I recently installed CentOS 5 on a server with a Promise PDC20621 SATA Raid card in it (according to lspci). This particular card, of course, is a FAKE raid device, meaning that the physical card is nothing more than a regular SATA controller, and they provide drivers that emulate RAID functionality. This is supposed to be useful for Windows users that don’t have a native software raid service available, but it is kindof useless for Linux since most distros provide md for creating a software raid device.

When trying to create a new software raid array, I would get a bunch of errors about the devices being busy, like this:

[root@www ~]#  mdadm --create --verbose /dev/md0 --level=5 --raid-devices=4 /dev/sda1 /dev/sdb1 /dev/sdc1 /dev/sdd1
mdadm: layout defaults to left-symmetric
mdadm: chunk size defaults to 64K
mdadm: Cannot open /dev/sda1: Device or resource busy
mdadm: Cannot open /dev/sdb1: Device or resource busy
mdadm: Cannot open /dev/sdc1: Device or resource busy
mdadm: Cannot open /dev/sdd1: Device or resource busy

lsof didn’t show any processes that were using these files, and it took a little while to finally find out that ‘dmraid’ was the culprit. dmraid is the linux driver for fake raid controllers like the Promise FastTrak and nVidia on-board SATA controllers. From what I could tell, it is loaded from initrd and automatically attaches itself to any partitions that are of type ‘fd’ (Linux raid autodetect).

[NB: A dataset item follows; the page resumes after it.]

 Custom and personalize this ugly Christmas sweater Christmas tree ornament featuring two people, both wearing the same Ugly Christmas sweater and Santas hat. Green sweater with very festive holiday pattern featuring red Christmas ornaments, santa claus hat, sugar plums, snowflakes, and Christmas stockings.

After a few hours of googling for answers, I had become pretty familiar with the topic. Many of the search results were from people trying to get mdraid working for these devices before it was stable and widely included in distros.

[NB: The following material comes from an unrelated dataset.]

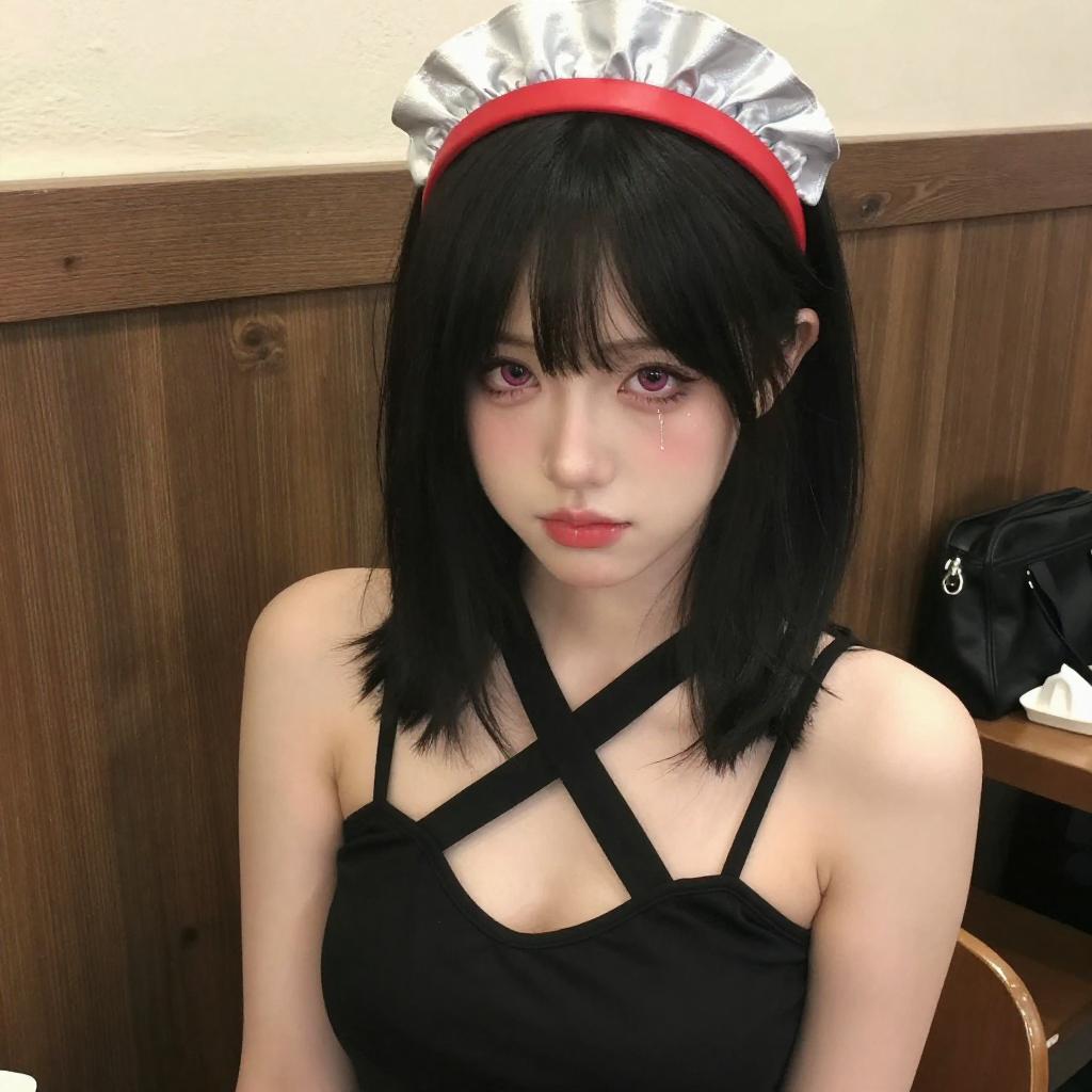 Photograph of a young woman with pale skin and black, shoulder-length hair wearing a silver and red maid headband. She has pink, slightly teary eyes and red lipstick. She wears a black, strappy, revealing top with a keyhole cutout. She is seated against a wooden-paneled wall, with a black bag and white object partially visible in the background.

Unfortunately, it looks like the default CentOS 5 install has the dmraid drivers built into the initrd, and there was no way to disable it from taking control of the drives. I tried looking for an argument to pass to the kernel to disable dmraid support, but couldn’t find anything. A few of the posts and emails that I came across on the subject suggested removing the ‘dmraid’ package, and a few people appeared to have some success with that. But when I tried a ‘yum erase dmraid’ on my box, it wanted to remove the kernel, which would probably be bad.

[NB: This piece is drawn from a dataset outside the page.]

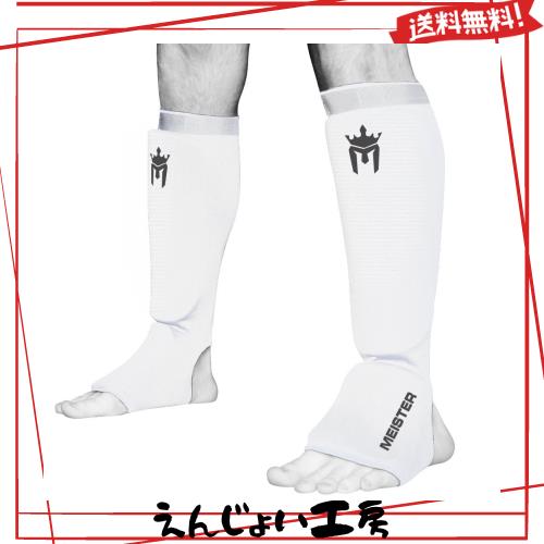 MMA キックボクシング 正規品 Meister レガース エラスティックパッド レッグガード(ペア) - 白 - Large/X-Large

After a little more searching, I found that mkinitrd had an option to rebuild the initrd without dmraid support. The was an upgrade available for my kernel, so I did a ‘yum update’ to install a new one, which also gave me one to fall-back to if this didn’t work. Once the new kernel was running, I installed the ‘kernel-devel’ and ‘kernel-headers’ packages to pull down some necessary headers, then ran this command to create a new initrd without the troublesome dmraid drivers:

mkinitrd --omit-dmraid /boot/NO_DMRAID_initrd-2.6.18-8.1.6.el5.img 2.6.18-8.1.6.el5

Then, simply change /etc/grub.conf to create an option that pointed to my new initrd. My /etc/grub.conf looks like this:

default=0
timeout=5
splashimage=(hd0,0)/grub/splash.xpm.gz
hiddenmenu

## My new non-dmraid boot option
title CentOS (2.6.18-8.1.6.el5) WITHOUT DMRAID GARBAGE
  root (hd0,0)
  kernel /vmlinuz-2.6.18-8.1.6.el5 ro root=/dev/hda1
  initrd /NO_DMRAID_initrd-2.6.18-8.1.6.el5.img
## The regular option
title CentOS (2.6.18-8.1.6.el5)
  root (hd0,0)
  kernel /vmlinuz-2.6.18-8.1.6.el5 ro root=/dev/hda1
  initrd /initrd-2.6.18-8.1.6.el5.img
## My working backup option:
title CentOS (2.6.18-8.el5)
  root (hd0,0)
  kernel /vmlinuz-2.6.18-8.el5 ro root=/dev/hda1
  initrd /initrd-2.6.18-8.el5.img

Now, I just rebooted off the first option, and it didn’t load all of the dmraid junk. I can now access the partitions without the ‘resource busy’ problem, and create a software raid array like I’m used to.